Saw what was supposedly to be identified as "Champ" when working for the Town of Moriah Youth Commission in the summer of 1977. Mid afternoon we had the kids in the water at Sandy Beach in the south end of Port Henry on Bulwagga Bay. Myself and two other friends of mine were chest deep at the head of the oldest group of kids beyond the then roped off area and all of a sudden from shore two of our female co-leaders were screaming and pointing, "get the kids out of the water, look out!" I looked to where they were pointing, up to the north end of the bay where the municipal beach was, and I spotted a long black figure swimming totally underwater coming towards our group. It looked like someone was dragging a 15-18 foot log through the water. I had seen lake sturgeon before, fishing with my grandfather on the lake, but this one was fairly long. No head out of the water, no identifying characteristics as many "Champ" observers have described seeing. My buddies said, "I'm getting out of here" but I said, "Stay. It'll swim towards the bridge before it gets to us." Sure enough about 40 feet from us it veered off towards the bridge to Vermont and deeper water and swam away. No head out of the water, no fins above water, it was definitely, to my minds eye, a sturgeon. On shore the kids were yelling, hollering while we were laughing and our bus drive, Ray "Grinny" Weston was laughing his head off! Grinny said, "What in the hell did you scare those kids for" to the female attendants with us and he looked at me Craig, and Kevin and said, "what was it guys? A big fish right?" I nodded my head and we laughed even harder. Everyone but the four of us were convinced they had seen "Champ".
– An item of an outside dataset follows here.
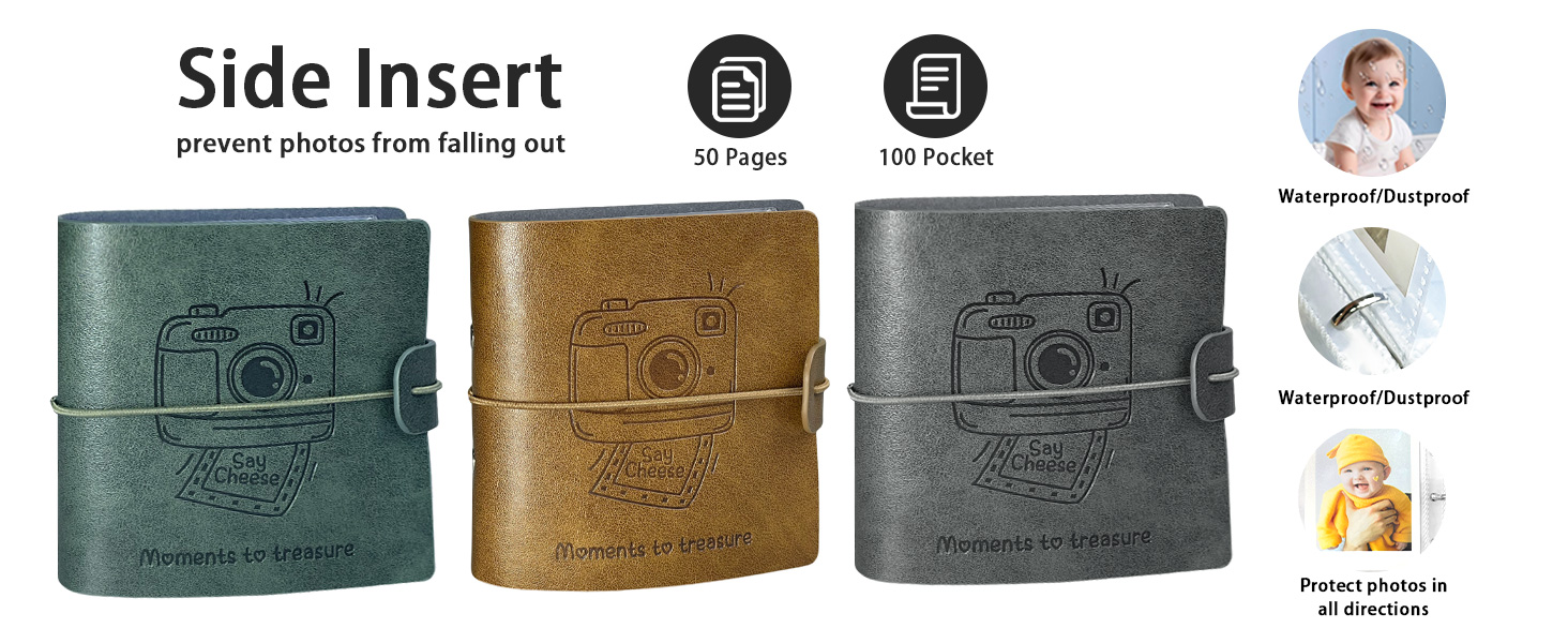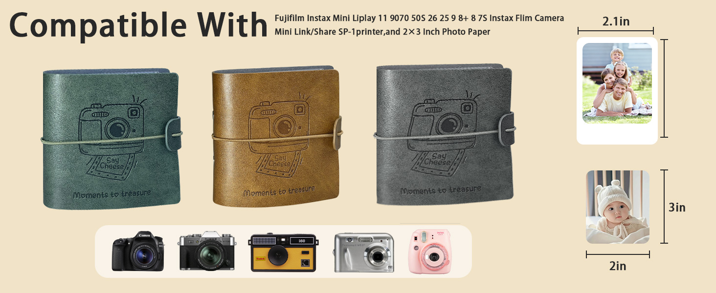 حجم صغير محمول: يمكنك بسهولة حمل ألبوم الصور الصغير الخاص بك في حقيبة الظهر أو حقيبة اليد أو حتى الجيب الكبير. تم تصميم ألبوم صور المحفظة هذا لسهولة الوصول إليه أثناء التنقل، بحيث تكون لحظاتك المفضلة دائمًا في متناول يدك - أينما تأخذك الحياة

Later that day I asked my grandfather and my Uncle Gordon if sturgeon got that big and Gramp answered, "hell yeah, maybe even up to 20 feet or so." He explained that Lake Champlain is a very deep water, extremely cold lake even in the warm weather months. Sturgeon thrive in that type of conditions. Do I doubt the existence of the "Champ" creature? As a big sturgeon, sure! As a big pleisiosor, Nah!


There are a couple of people from Middlebury College that have been conducting a study on the possibility of the Lake Champlain monster. They use advanced side scan sonar to map the lake. The sonar is so detailed that logs and shipwrecks can be clearly identified in the lake. With such advanced equipment, they should surely be able to see evidence of Champ if he were really there. So far, nothing has been found to correlate Champ’s existence.


@dega2010: Yes, that is true. It was actually entitled “America’s Loch Ness Monster”. The team from Monster Quest wanted to take an in depth look at the lake monster called Champ. They did not find any conclusive evidence of the existence of Champ but they provided a lot of interesting information.

The team set up many land cameras near the spot of some of the sightings. The cameras rolled 24 hours a day. They also used two underwater cameras.

After many days and hundreds of hours of reviewed footage, they found no evidence of Champ.


Wasn't there an episode on the show Monster Quest where they investigated the Lake Champlain monster?